Kardelen'i DergiKapinda.com sitesinden satın alabilirsiniz.        Ali Erdal'ın yeni kitabı TÜRK KİMLİĞİ çıktı        Kardelen Twitter'da...        Kardelen 34 Yaşında!..       
    Yorum Ekle     7100 kez okundu.     1 yorum bırakıldı.

Hile-i ?er'iyye
Necip Fazıl Kısakürek

  Sayı: 52 - Nisan / Haziran 2006

(Bu bölümdeki imzasız yazılar, İman ve İslâm Atlası'ndan alınmaktadır.)
(Muamele bölümünden devam ediyoruz)


“Hile-i Şer’iyye” tabirini icat eden yobaz kafasına lânet…


Şeraite karşı hile ne demektir? Kerhen kabul ettiği İlâhi emirlere karşı kaçamak noktalarını aramak ve bu suretle inanmış göründüğü işlerde samimi olmadığını ilân edercesine Allah’ı aldatmaya kalkışmak değil de nedir?
Şeriat kâmil müessisedir; “kâmil” eksiklik ve fazlalık kabul etmez mânâsınadır ve “Hile-i Şer’iyye” tabiri dine en büyük hakarettir.


İslâm’da “Hile-i Şer’iyye” yok, sadece, yine Allah’ın lûtfu halinde rahmet yolları vardır.


İlâhî şan, affa kadar kapıları açık tuttuğuna göre, sonunu idrak ve affını istemekten gayrı vazife ve kurtuluş nasibi olmayan insanın, kendisini mutlak kudrete karşı müdafaaya kalkışması şeklinde tefsir edilmeye lâyık, şeraiti kandırmaya yeltenmek fiili, hangi ihlâs, vicdan ve hakikat duygusiyle barıştırılabilir?..

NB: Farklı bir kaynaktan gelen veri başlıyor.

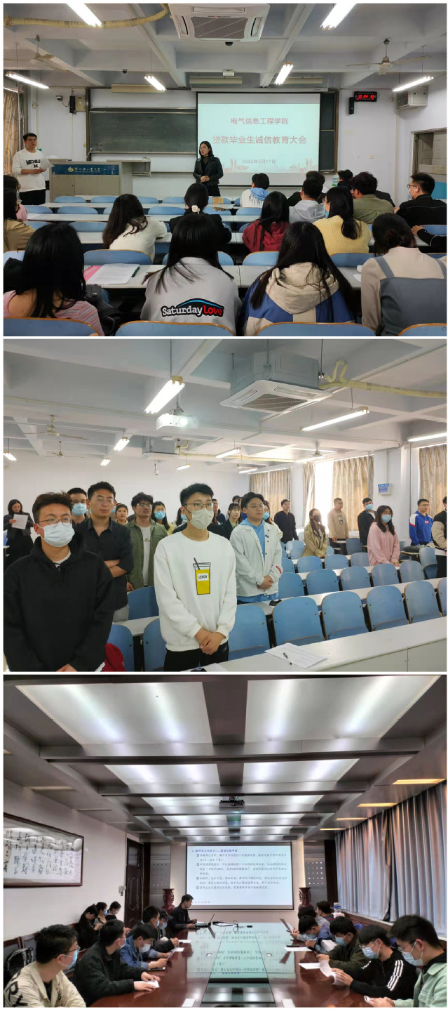 2022年3月11日、15日,LOL比分 分别在教三楼402、西二楼301召开高校助学贷款毕业生诚信教育暨诚信宣誓大会。LOL比分 党委副书记万慧杰,辅导员刘丰阳老师,2022届贷款毕业生参与。
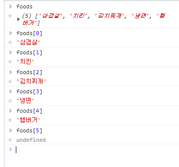반면에 순서가 중요한 상황에서는 array type을 사용하고 let key=[value1, value2] 형식을 사용한다. array type은 1이 아닌 0부터 시작하고 undefined는 5번째 데이터는 저장해놓지 않아서 그렇다.
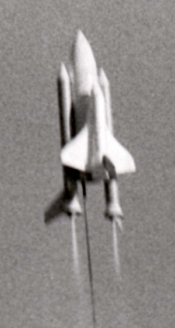 | Shown here is when, after losing control and crashing with mixed elevon control, a temporary nose was added to test out the use of rudder control for turning. This model got a proper nose added after the rudder test flights proved to work out. Rudder control is the best way to steer the orbiter, with elevons used only for pitch. | Flew nicely on an Aerotech F15, however the first flight shown above went unstable due to poor stability calculations. Later 1984 flights used Estes-style fins sticking out the back of the SRB's. | First and LAST atttempt to power a shuttle with engines in SRB's. One D12 did not light exactly in sync with the other, throwing the model to a 45 degree climb as it left the rod. Did not crash, but a close enough call.
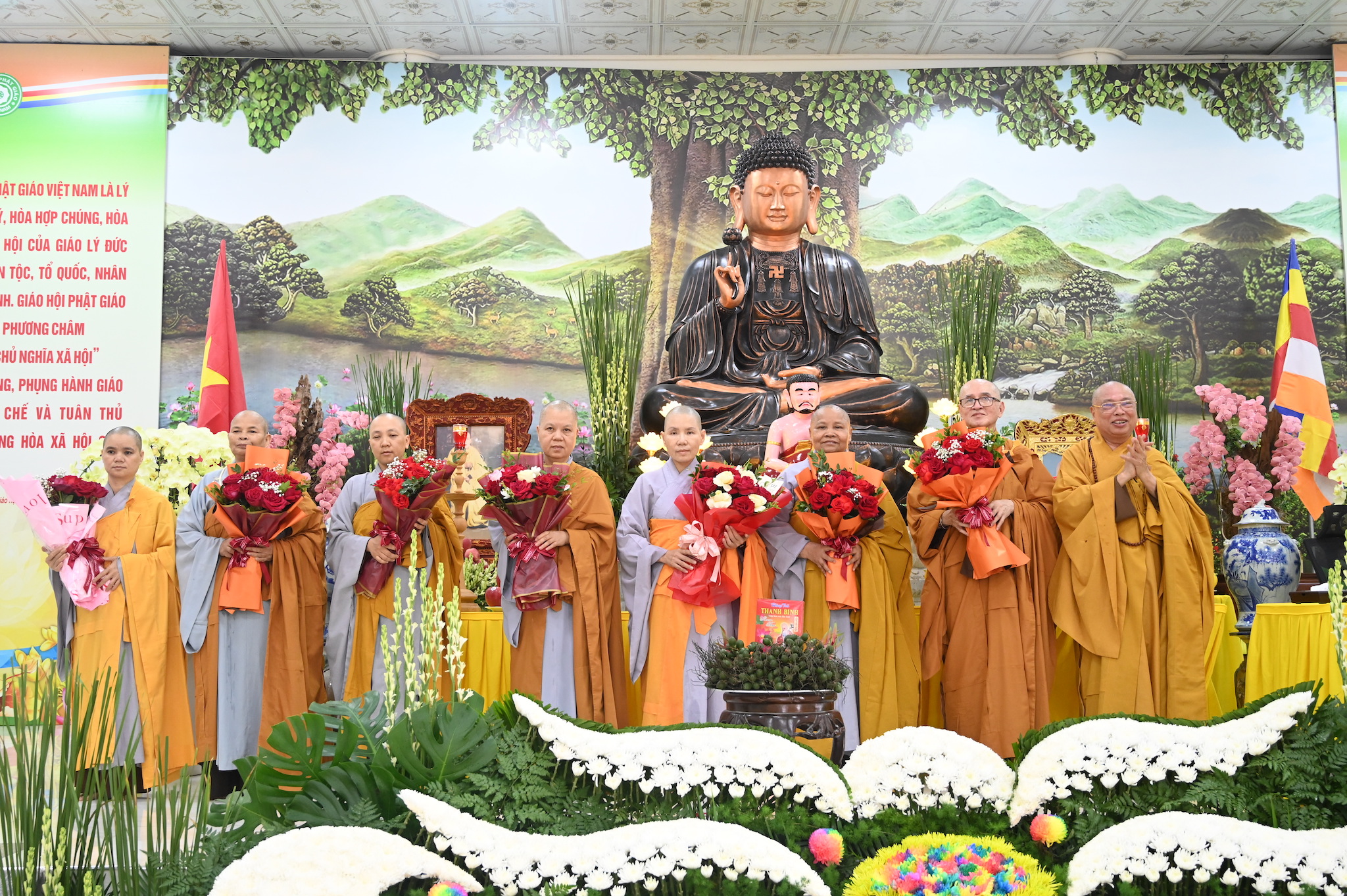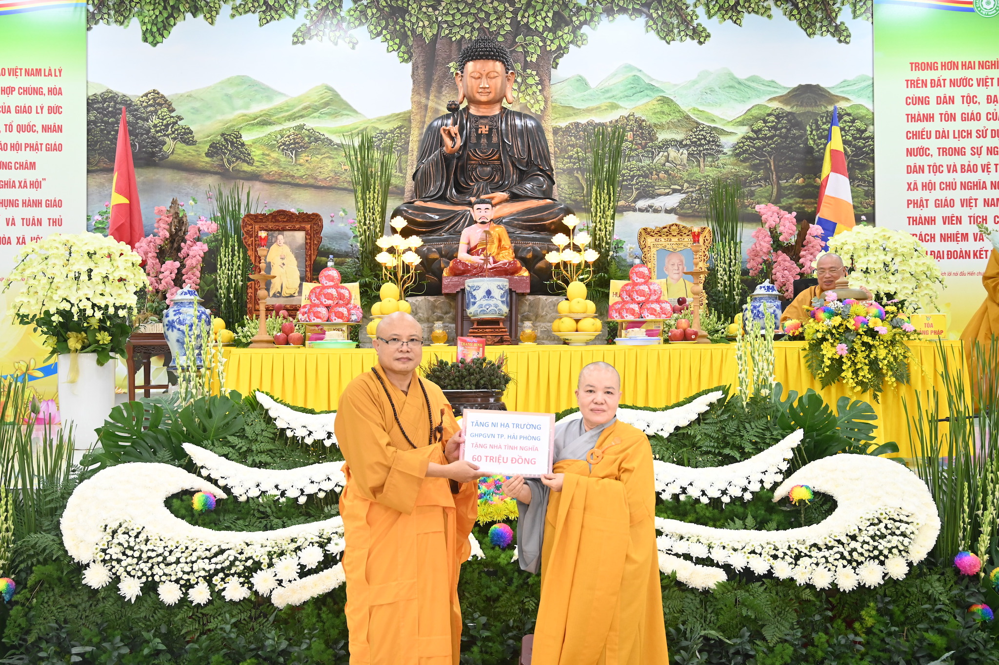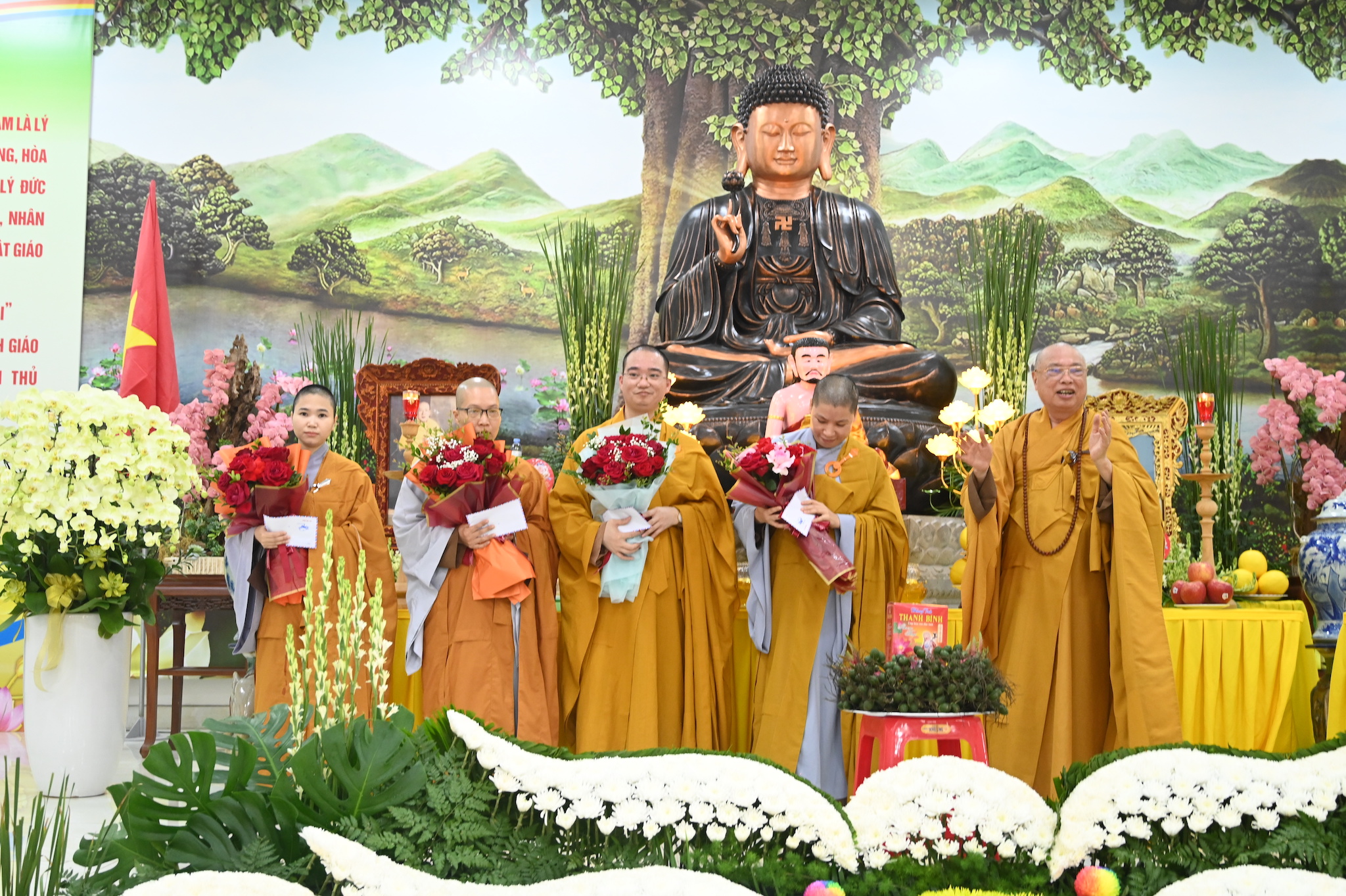 Ban Tổ chức khóa an cư tặng hoa cho các trưởng ban đã hoàn thành xuất sắc nhiệm vụ được giao
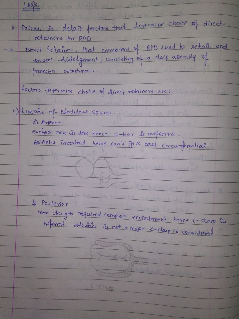 prosthodontics FACTORS FOR CHOICE OF DIRECT RETAINER I July 24, 2020 SanjanaLeave a comment Sanjana Agrawal Dentowesome 2020 Sanjana Agrawal Dentowesome 2020 Source Rangarajan textbook Share this:Tweet Share on Telegram (Opens in new window) Telegram Share on WhatsApp (Opens in new window) WhatsApp Email a link to a friend (Opens in new window) Email Like Loading... Related

Günahı, günah bilmek, ondan kaçınılamasa bile ıstırabını çekmek ve affa kucak açmak yerine “Hile-i Şer’iyye” yoluna sapmada, din emirlerini topyekûn sır ve hikmetlerinden sıyırıcı ve işi dama oyunu maddeciliğine dökücü bir mânâ… Ne fikrin, ne ahlâkın kabul edebileceği bu mânâ etrafında, aşk ve ihlâs devrimizden sonra gelen kaba softa ve ham yobaz çığırında ne cinayetler işlendiği saymakla bitmez.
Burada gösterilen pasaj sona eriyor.